Court Clarifies Standard for “Adverse Employment Action” Under the NYC Human Rights Law

In Golston-Green v. City of New York, et al., No. 2016-02462, 28117/09, 2020 N.Y. Slip Op. 02768, 2020 WL 2462411 (N.Y.A.D. 2 Dept., May 13, 2020), the court, inter alia, dismissed plaintiff’s claim of discrimination under the New York City Human Rights Law.

This decision is instructive as to the differences between the New York State Human Rights Law, and the (broader) New York City Human Rights Law regarding (as relevant to this aspect of the decision) what constitutes an “adverse employment action”:

We hold that under the City Human Rights Law, in order to demonstrate liability, a plaintiff need not establish that she or he was subjected to a “materially adverse” change to terms and conditions of employment, but only that she or he was subject to an unfavorable change or treated less well than other employees on the basis of a protected characteristic.

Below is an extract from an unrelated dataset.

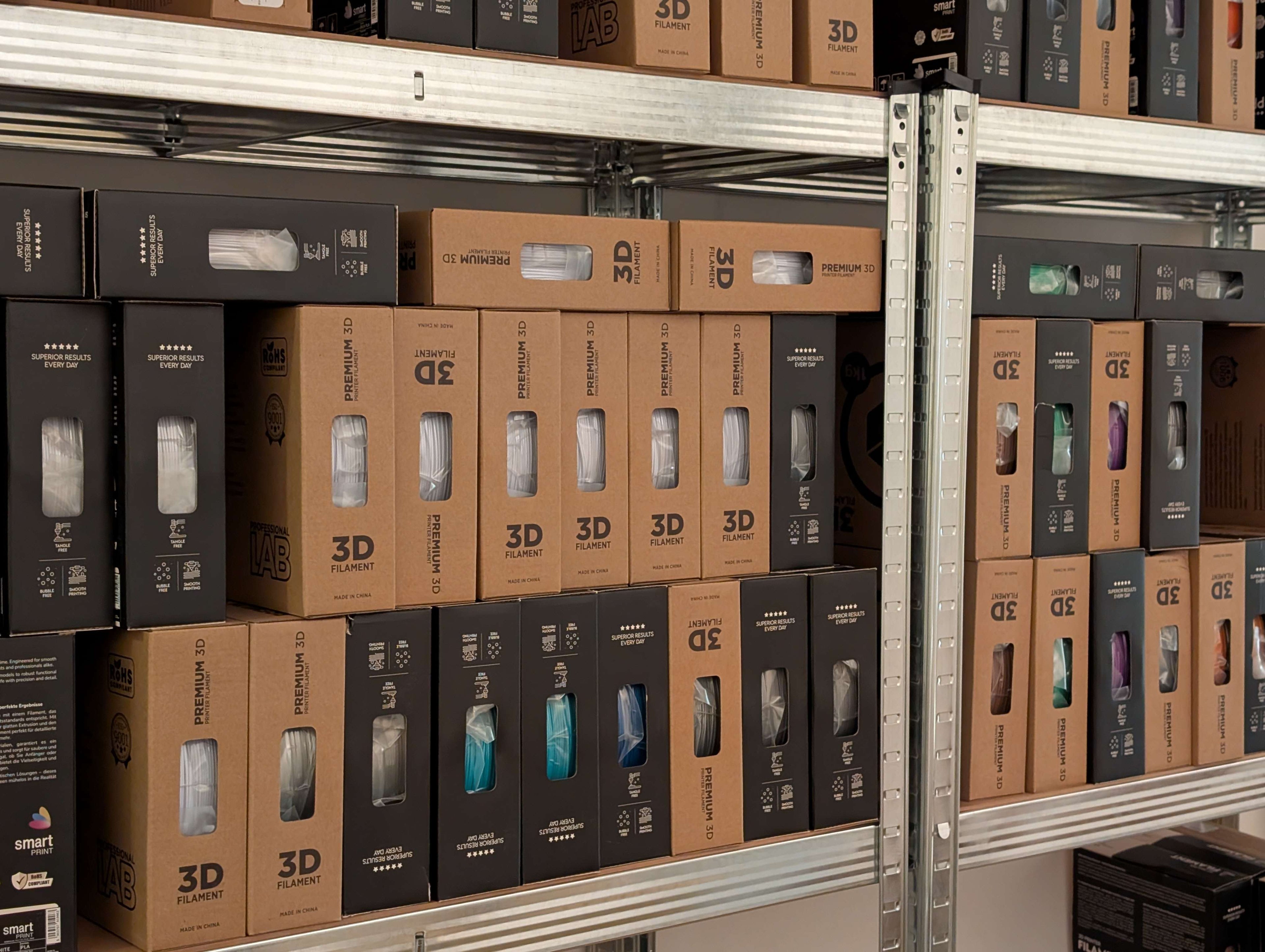 Es gibt keinen Haken. Unsere Strategie ist einfach: Wir kaufen große Mengen direkt ab Werk und umgehen so unnötige Zwischenhändler und teures Marketing. Dadurch können wir Filamente anbieten. Smart Print Und Professional Lab (Prof. lab) Zu Preisen, die um mehrere zehn Prozent niedriger sind als bei der Konkurrenz, ohne Kompromisse bei der Materialqualität einzugehen. Sie bezahlen für das Filament, nicht für die Marke auf der Verpackung.
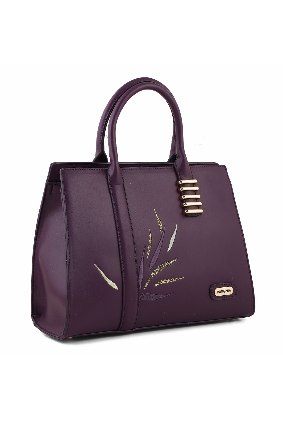 This purple bag is made with the fine leather, having engraved leaves design at front and then finished to two smart top handles.

Applying this standard to the plaintiff’s claims, we find that each of the four adverse employment actions alleged by the plaintiff constitutes actionable unfavorable treatment under the City Human Rights Law—a change in geographical assignment, a change to less favorable days off, not receiving relief in order to take breaks, and a change to a less favorable work schedule. [Citations omitted.]

Notwithstanding this determination, the court held that defendants were entitled to summary judgment on plaintiff’s race and gender-based discrimination claims, finding that there was no indication that the alleged adverse actions were imposed due to plaintiff’s membership in the relevant protected classes.